=== Activity ===
Everything from the line with "(a) Dynamic resistance" to the final line of the entries is to be set down exactly, except the pictures.

=== Records shown ===
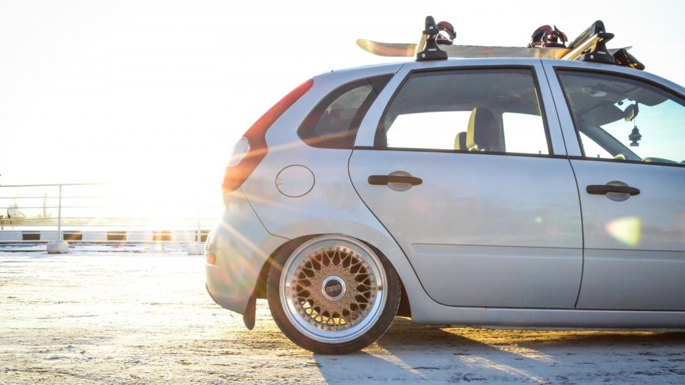 Хороший стэнс начинается с занижения и колес. Андрею посчастливилось приобрести оригинальные разноширокие 16-дюймовые диски BBS RS. Правда, с разболтовкой 5х114,3 (у Калины 4х98) – поэтому они некоторое время лежали и ждали своего часа. Для установки дисков были заказаны адаптеры на ступицу (толщиной 40 и 45 мм) в Ростове-на-Дону. После установки пневмоподвески, дисков BBS RS и соответствующего сход-развала Lada Kalina обрела совершенно другой внешний вид, который задумывался еще с момента покупки в автосалоне.
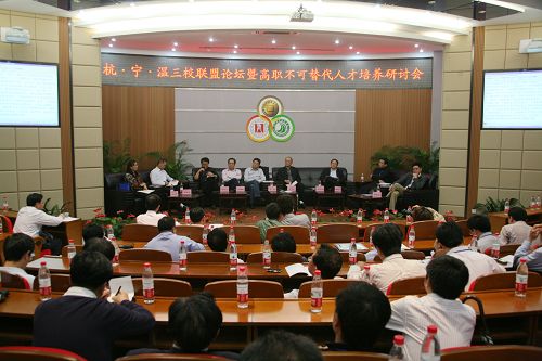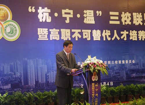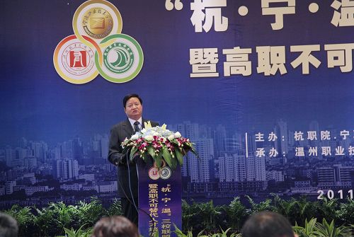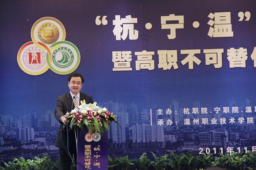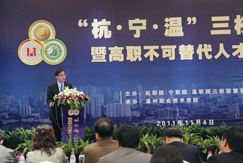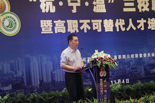 11月4日,“杭•宁•温”三校联盟论坛暨高职不可替代人才培养研讨会在温州举行,这是三校联盟自成立以来的第五次会议。此次论坛以“培养高职不可替代人才”为主题,三校院长围绕高职教育的区域性、职业性和高教性三大属性,探讨高职教育的新理念。
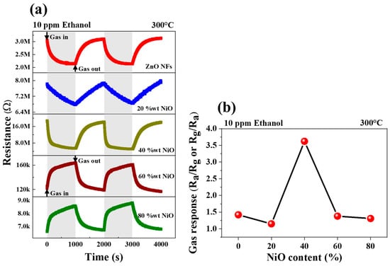 (a) Dynamic resistance plots of the ZnO-NiO composite NFs sensors with varying NiO contents (0–80 wt%) for 10 ppm ethanol gas at 300 °C. (b) The response of the composite gas sensors to 10 ppm ethanol versus NiO content.
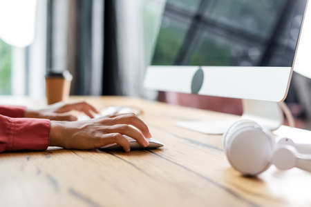 cropped view of african american woman using computer mouse near blurred paper cup and headphones on desk
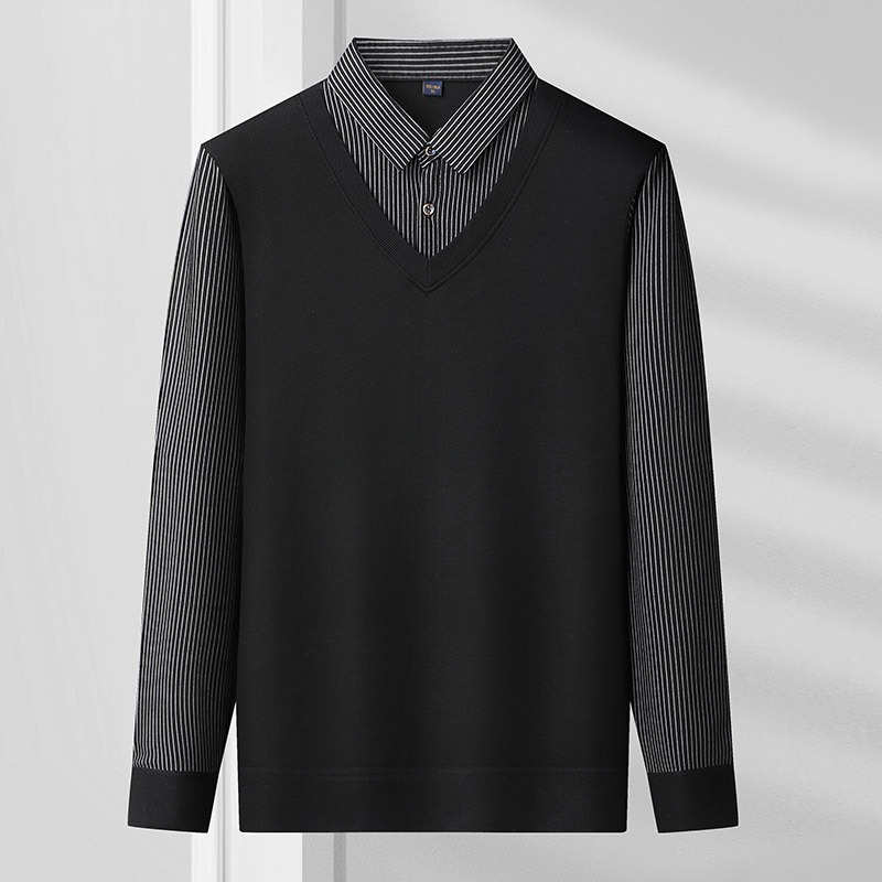 クロスボーダーの新型秋冬シャツの襟の偽の2つのシャツの男性の長袖の外国貿易の大きいサイズのストライプのファッションは紳士服を打ちます。
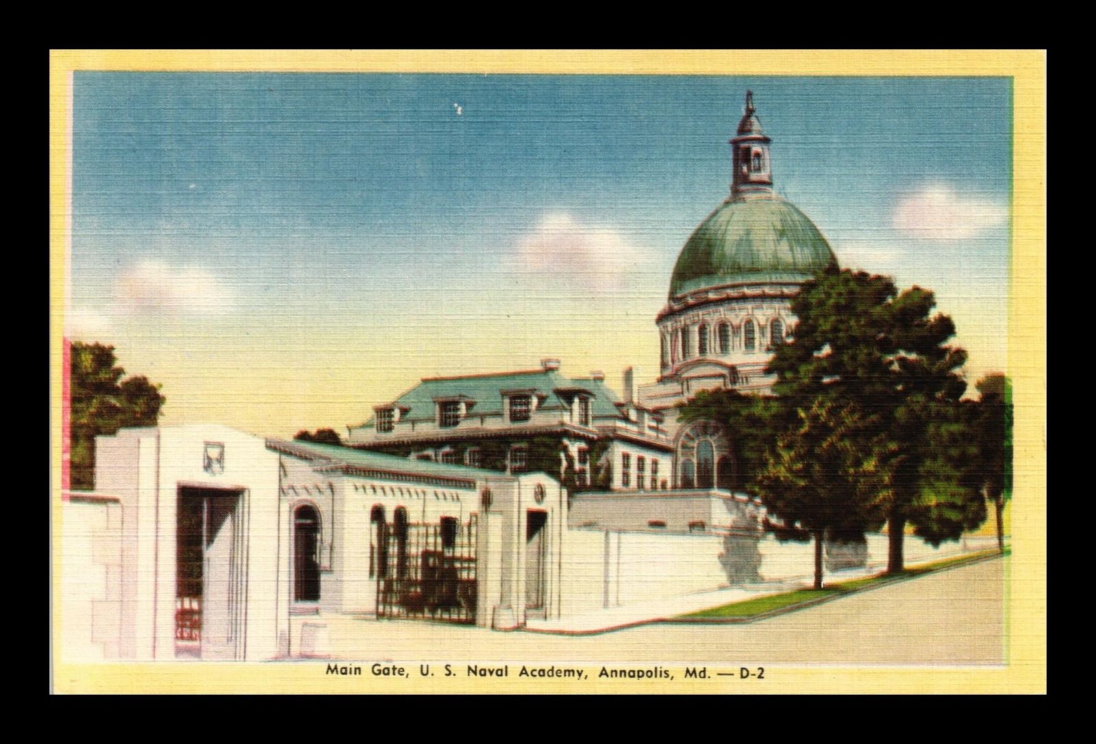 Title (ebay affiliate link): DR JIM STAMPS US MAIN GATE NAVAL ACADEMY ANNAPOLIS POSTCARD LINEN

=== Exercise answer ===
 (a) Dynamic resistance plots of the ZnO-NiO composite NFs sensors with varying NiO contents (0–80 wt%) for 10 ppm ethanol gas at 300 °C. (b) The response of the composite gas sensors to 10 ppm ethanol versus NiO content.
 cropped view of african american woman using computer mouse near blurred paper cup and headphones on desk
 クロスボーダーの新型秋冬シャツの襟の偽の2つのシャツの男性の長袖の外国貿易の大きいサイズのストライプのファッションは紳士服を打ちます。
 Title (ebay affiliate link): DR JIM STAMPS US MAIN GATE NAVAL ACADEMY ANNAPOLIS POSTCARD LINEN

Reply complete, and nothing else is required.